Screening for the mutation Ile181Leu by the ARMS method followed the same procedures as those described by Shirakawa et al, 9 who confirmed association with the atopic phenotype. Our negative findings were supported by sequencing results showing homozygous genotypes according to the DNA sequence published by Kuester et al.31

A search for further polymorphisms in the atopic children of our families on the basis of electrophoretic mobility shifts (SSCP) was negative. SSCP analysis in all children of population 2 included exon 7 as well, where a further polymorphism associated with atopy and bronchial hyperresponsiveness has been postulated.11

Although the Glu237Gly polymorphism had been reported at a frequency of 5%11 and the Ile181Leu polymorphism at a frequency of about 15-17%9 in presumably genetically similiar populations, we could not find any subject bearing either of the two polymorphisms. This might be the result of recent admixture of different populations with different allele frequencies, genetic drift, population bottlenecks, and new mutations in linkage disequilibrium with those already described.32

All techniques are based on an initial PCR reaction. It has been proposed by Hill and Cookson33 that negative findings are at least partially based on differential amplification of mutation bearing versus wild type alleles. The microsatellite FCE5CA is situated in intron 5 of the gene next to the mutation and was included in the sequencing reactions. Differential amplification should also lead to a high degree of false homozygous genotypes or at least one faint band on microsatellite typing. This was not seen in our studies. On the contrary, the allelic distribution resembled the one published by the Oxford group.22 A further explanation could be that the observed association could well result from different mutations in linkage disequilibrium with the two mutations examined. Thus, absence of the two mutations would not exclude linkage effects.

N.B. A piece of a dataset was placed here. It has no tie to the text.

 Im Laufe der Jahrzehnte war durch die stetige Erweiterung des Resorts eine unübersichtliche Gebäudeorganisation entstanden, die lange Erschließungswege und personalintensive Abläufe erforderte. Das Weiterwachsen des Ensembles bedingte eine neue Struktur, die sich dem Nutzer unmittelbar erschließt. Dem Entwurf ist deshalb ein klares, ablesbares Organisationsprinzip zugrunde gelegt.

We conclude from our data that in our populations the β chain of the high affinity IgE receptor is of minor importance for enhanced IgE responsiveness. However, because of the low power of detection using sib pair methods and a relatively small sample size, we cannot exclude a minor influence of this gene on the development of the atopic phenotype. Sharing of maternal alleles in asthmatic sib pairs might indicate an influence of the genetic region on atopy with clinical signs, although the level of significance was not reached.

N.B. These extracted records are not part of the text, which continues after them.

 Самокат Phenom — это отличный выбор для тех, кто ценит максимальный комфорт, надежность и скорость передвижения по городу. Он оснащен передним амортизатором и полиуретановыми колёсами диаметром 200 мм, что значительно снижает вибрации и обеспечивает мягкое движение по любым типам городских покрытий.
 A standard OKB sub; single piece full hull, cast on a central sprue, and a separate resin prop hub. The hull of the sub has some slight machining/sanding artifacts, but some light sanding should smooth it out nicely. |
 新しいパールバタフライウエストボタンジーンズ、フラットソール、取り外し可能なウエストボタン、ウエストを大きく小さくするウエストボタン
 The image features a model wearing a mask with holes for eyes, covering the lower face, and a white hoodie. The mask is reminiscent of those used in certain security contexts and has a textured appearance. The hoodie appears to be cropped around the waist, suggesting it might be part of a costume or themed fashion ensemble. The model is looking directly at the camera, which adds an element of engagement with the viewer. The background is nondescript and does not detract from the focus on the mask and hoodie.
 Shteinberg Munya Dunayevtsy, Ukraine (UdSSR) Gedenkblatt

The knowledge of further mutations in the FcεRI-β gene associated with altered receptor functioning and of other genes involved in the development of the atopic phenotype should define the contribution of single genes to the whole process.


We thank Christiane Mehl and Simone Dischinger who carried out field testing. We would also particularly like to express our thanks to all the families who participated in our study. This project was supported by a grant from the German Science Foundation (DFG-De386/2-2).